Purpose: : Crosslinking of the cornea by application of Riboflavin (Vitamin B2) and UV-light is an innovative approach to increase the mechanical and biochemical stability of the stromal tissue. The better understanding of corneal wound healing is very important for evaluation of possible risks after treatment. In the presented study we performed a combined in vivo confocal laser scanning and histological investigation in rabbit corneae after crosslinking

Methods: : 12 New Zealand white rabbits were enrolled. Animal experiments were performed in compliance with the ARVO resolution on the use of animals in Ophthalmic and Vision Research. Before crosslinking confocal microscopy was used to examine all corneae. The right corneae were deepithelized and crosslinked using UV-light (wavelength 370 nm) exposition for 30 min, and 0.1% Riboflavin. The left eyes served as controls. Respectively, 6 animals were euthanized 3 days and 1 week after cosslinking. Confocal in vivo microscopy was performed in vivo before and after eutherisation. Thereafter the corneae were excised and processed for histology and immunohistochemistry.

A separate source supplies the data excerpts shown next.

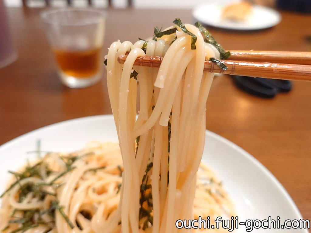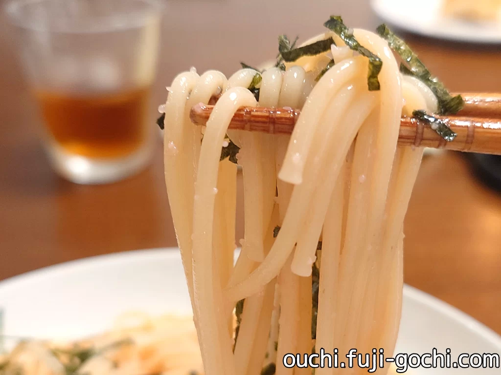 茹であげたパッツン系の中太パスタが口の中で踊る。スパゲッティをテフロンダイス(つるつる表面)のバリラ系と、ブロンズダイス(ざらざら表面)のディチェコ系に大別するならば、バリラ寄りの食感に思われる。しかしパッケージにはブロンズ引き(Trafilata al bronzo/Bronze drawn)とある。テフロン寄りのブロンズということかな?もしかすると茹ですぎたのかも知れない。つるりとしてハリある滑らかな表面は、ミートやスープよりも、麺にまとわせるオイル系との相性が良いように思われた。
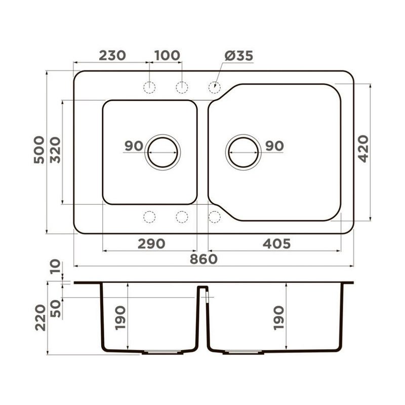 Мойка кухонная Omoikiri Maru 86-2-EV эверест| 50x86x21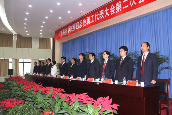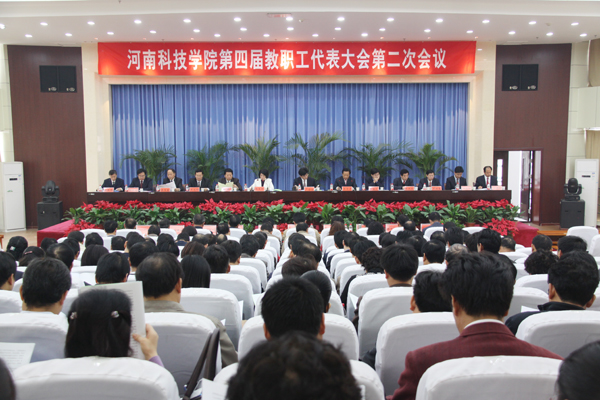 9月30日,校第四届教职工代表大会第二次会议(以下简称“教代会”)在行政楼三楼多功能报告厅隆重召开。校党政领导严全治、王清连、张玉珍、郭海波、梁赖、张民校、王文鹏、刘兴友、窦玉玺、刘荣增、冯启高、王舜书、宋亚伟等出席大会。“教代会”130余名代表参加了会议。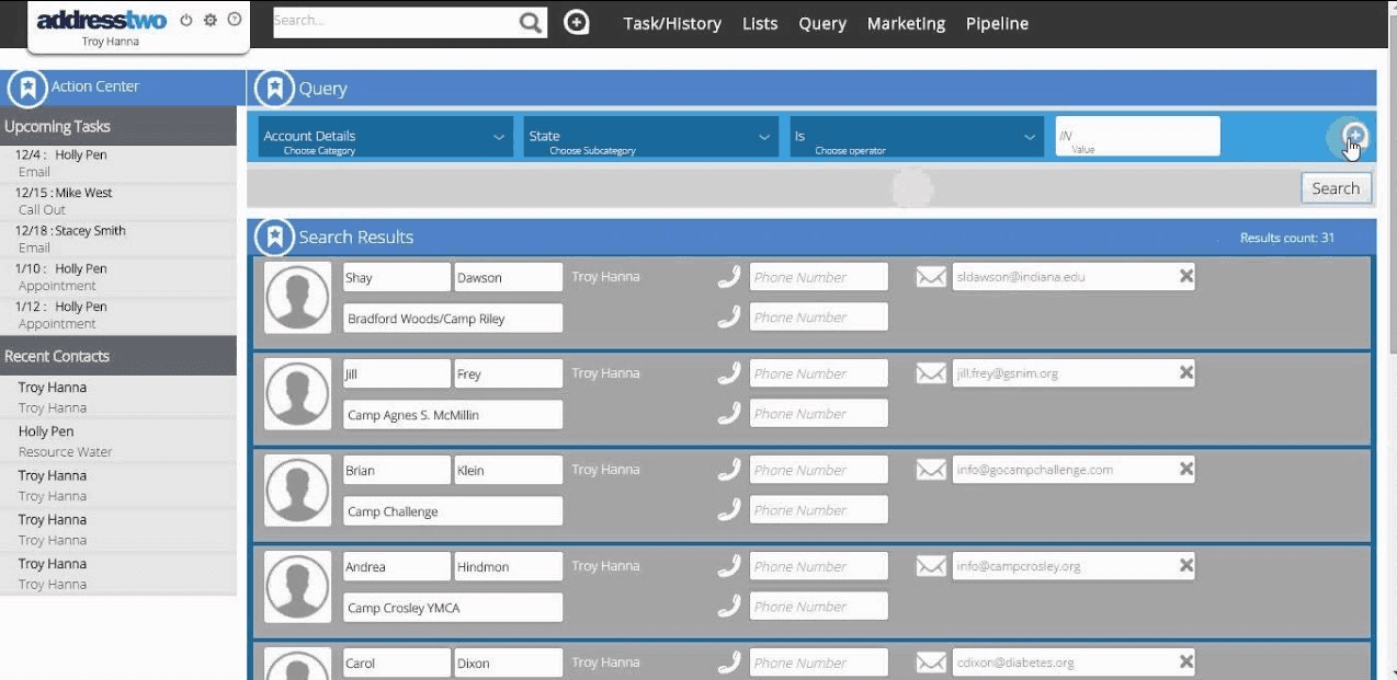 AddressTwo is a simple CRM system specially designed for the needs of small businesses. As an all-in-one solution, AddressTwo combines both the relational, outbound selling tools such as contact management, tasks, and follow-up tracking with the marketing tools such as email marketing, inbound capturing through webforms, and autoresponders. Use marketing analytics to see who your most engaged leads are at any time and then follow up.
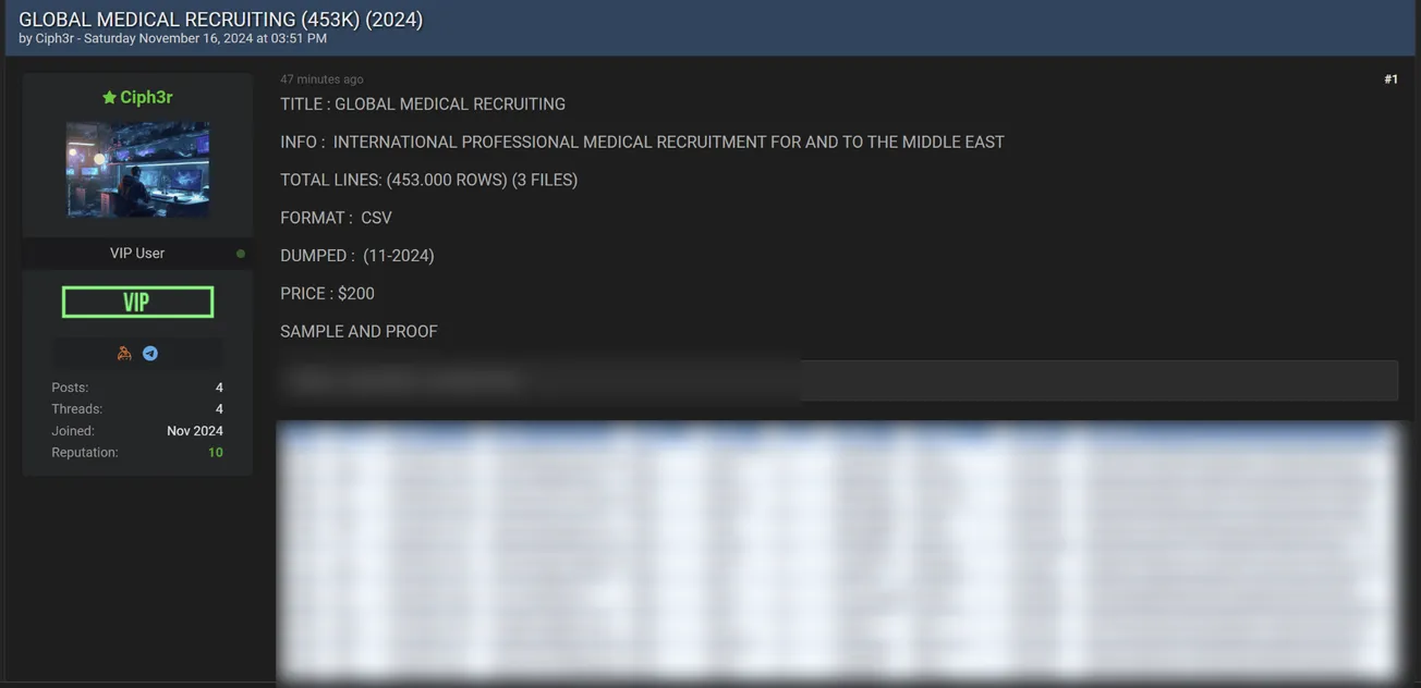 A Threat Actor is Selling Data of GLOBAL MEDICAL RECRUITING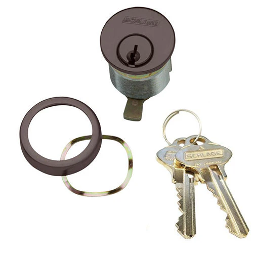 Schlage 20-001 S123 114 1-1/4 In. Mortise Cylinder, 6-pin, S123 Keyway, Keyed Different, Straight Cam, Compression Ring & Spring, 2 Keys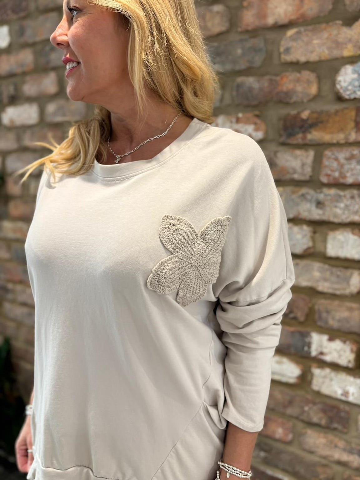 Wrap yourself in comfort with this sweatshirt, beautifully adorned with a delicate crochet flower detail at the front. The thoughtfully placed side tucks create a flattering silhouette that skims your figure without clinging. Perfect for those days when you want to feel both cosy and put-together, this piece effortlessly transitions from relaxed weekends to casual outings. The soft fabric and charming handcrafted element make it a wardrobe essential that celebrates your individual style.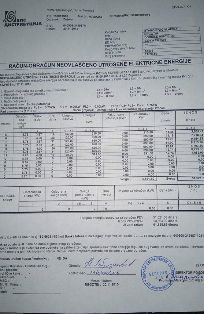 „Šta je zapravo pravda?! Da li je uopšte ima kod nas? Najpre primetim da mi pristižu visoki računi za potrošnju električne energije, a da pritom i ne boravim u kući, a onda u nadi da će mi neko od nadležnih objasniti o čemu je reč, za uzvrat dobijem kaznu za neovlašćenu potrošnju električne energije u iznosu oko 60.000 dinara i plus 81.000 dinara za mesečni račun! Zaista ne znam o čemu je reč?! Pa ljudi, suludo je da li bih sama sebe prijavila da sam „krala“ struju!?!“ – počinje priču za ES portal vidno uznemirana Vladica Stanojević.

Results: : Three days after crosslinking the epithelium was closed again, as shown by fluorescein application and in vivo confocal microscopy. Immunohistochemistry revealed some mitotic cells in the basal cell layer. A complete loss of cell nuclei in anterior and middle stroma, and only rare cell nuclei in posterior stroma could be shown.One week after crosslinking, the number of mitotic cells in epithelium was decreased. The anterior stroma was still lacking cell nuclei, whereas middle and posterior stroma were densely populated with cell nuclei with different morphology and reflectivity in confocal imaging. A large amount of these cells were mitotic, as shown by Ki-67 immunoreactivity.

Conclusions: : The events, associated with wound healing at the first week after crosslinking have been shown by different approaches: in vivo confocal microscopy and histology. A good correlation between two methods could be shown, indicating a nearly complete epithelial regeneration by day 3, and a beginning regeneration in posterior and middle stroma by 1 week.